Every other month, the 103 patients involved in the study were treated at Skåne University Hospital and Sahlgrenska Hospital using 177Lutetium-DOTATATE for their scattered neuroendocrine tumours. After each treatment, images were taken on four different occasions over a one-week period (see image) – a labour and resource-intensive approach that is also awkward for the patients, who need to get to the hospital several times a week. However, based on the images in the database, the researchers have been able to work out how it is possible to retain the exactitude of the dose calculations while simplifying the approach.

The result in the study was a reduction in the number of imaging sessions from four to one per patient and treatment.


“This means that in the everyday clinical world, imaging can be used as a way to personalise treatment”, says Anna Sundlöv.

“Translational research in all possible directions”

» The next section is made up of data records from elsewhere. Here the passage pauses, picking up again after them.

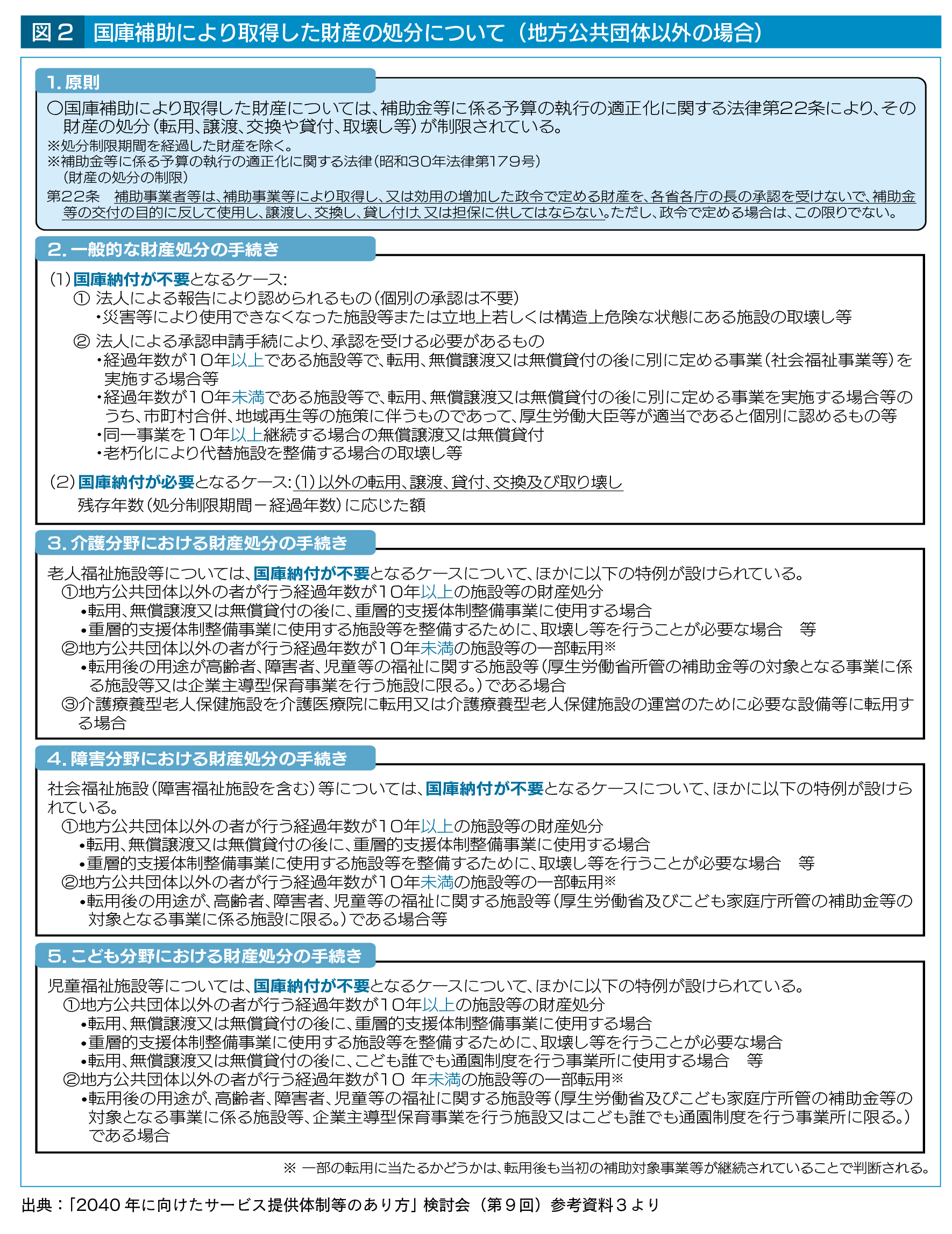 サービス需要が減少するなか、施設等の整備については、今後その機能を柔軟に変更していく必要がある。介護保険施設の一部で障害福祉サービス、保育等を行う場合に、元々の補助金の目的範囲外での返還を求められることのないよう、経過年数10年未満の施設等の全部転用の緩和等を行うなど、柔軟な制度的な枠組みの検討が必要、と指摘している。
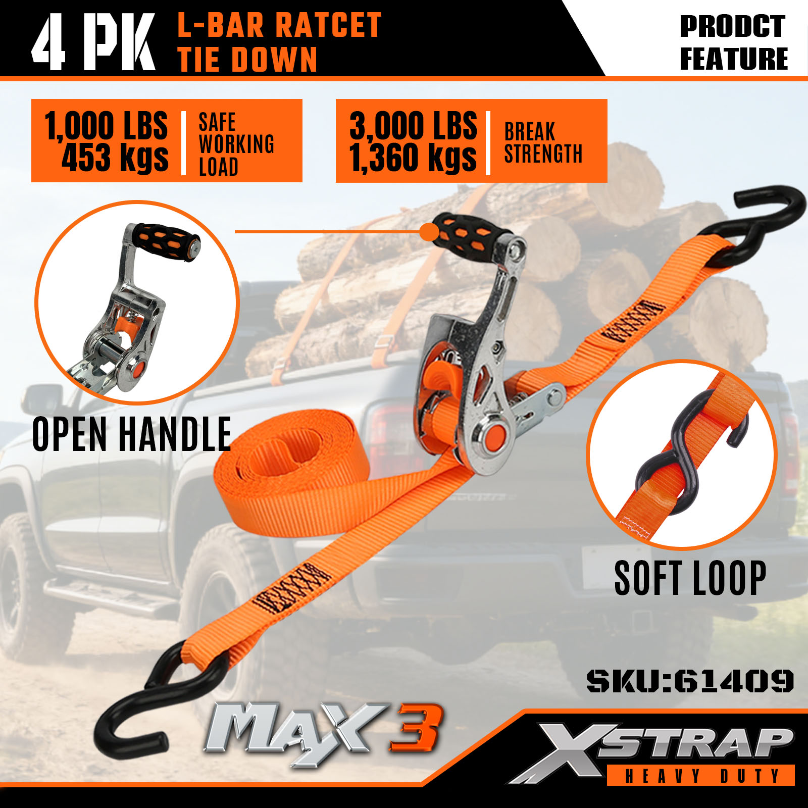 - Marcaje clare privind capacitatea de încărcare: fiecare curea este etichetată cu o sarcină de lucru sigură de 453 kg/1.000 lbs și o rezistență la rupere de 1.360 kg/3.000 lbs, oferind instrucțiuni clare de siguranță pentru o utilizare corectă și sigură.
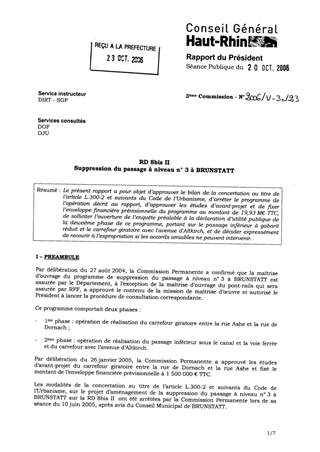 Le présent rapport a pour objet d’approuver le bilan de la concertation au titre de l’article L.300-2 et suivants du Code de l’Urbanisme, d’arrêter le programme de l’opération décrit au rapport, d’approuver les études d’avant-projet et de fixer l’enveloppe financière prévisionnelle du programme au montant de 19,93 M€ TTC, de solliciter l’ouverture de l’enquête préalable à la déclaration d’utilité publique de la deuxième phase de ce programme, portant sur le passage inférieur à gabarit réduit et le carrefour giratoire avec l'avenue d'Altkirch, et de décider expressément de recourir à l’expropriation si les accords amiables ne peuvent intervenir.

There has been a collaboration between medical radiation physics at the University and oncology at the hospital for over 20 years. The collaboration has included systematic work to improve methods for the planning of cancer treatment.

“It’s not possible for me to do this without Katarina and her physicist colleagues, and they need our clinical questions and patient material. For 40 years, public healthcare has taken images and looked at them qualitatively for diagnostic purposes, but Katarina and her team at medical radiation physics have now quantified the images in a therapeutic context. The study has resulted in us being able to introduce this as a part of the treatment at the clinic”, says Anna Sundlöv.

Katarina Sjögreen Gleisner agrees:

“It’s a strength that we can bring in specialist expertise from both areas and unite them in this article. It’s often the case that the benefits of research are not seen until many years later, but a great driving force in this is that we see the benefit of the research in the near future”, says Katarina Sjögreen Gleisner.

FACTS:

Theranostics is a portmanteau word that combines “therapy” and “diagnostics”. The word indicates a new direction in nuclear medicine in which a target-seeking molecule searches out a target that is specific for a certain type of tumour. Linking different types of radioactive isotopes to the target-seeking molecule provides a possibility for either imaging (“diagnostics”) or treatment (“therapy”), or both, depending on the selected isotope. The isotope used in the drug examined in this referenced clinical study is 177Lutetium, which is well suited for both diagnostics and therapy. Based on the images taken after one treatment, it is possible to calculate how much radiation has been delivered to the tumour and the healthy tissues (radiation dosimetry), which in turn can be used to adapt the treatment to what each individual patient can tolerate.

Publication:
Feasibility of simplifying renal dosimetry in 177Lu peptide receptor radionuclide therapy

KATARINA: Second year in a row!

It is not the first time that Katarina Sjögreen Gleisner has won the prize. Last year she was first author of the prize-winning publication. That article focused on the clinical use of radionuclide therapies in Europe and how to utilise the possibilities of imaging.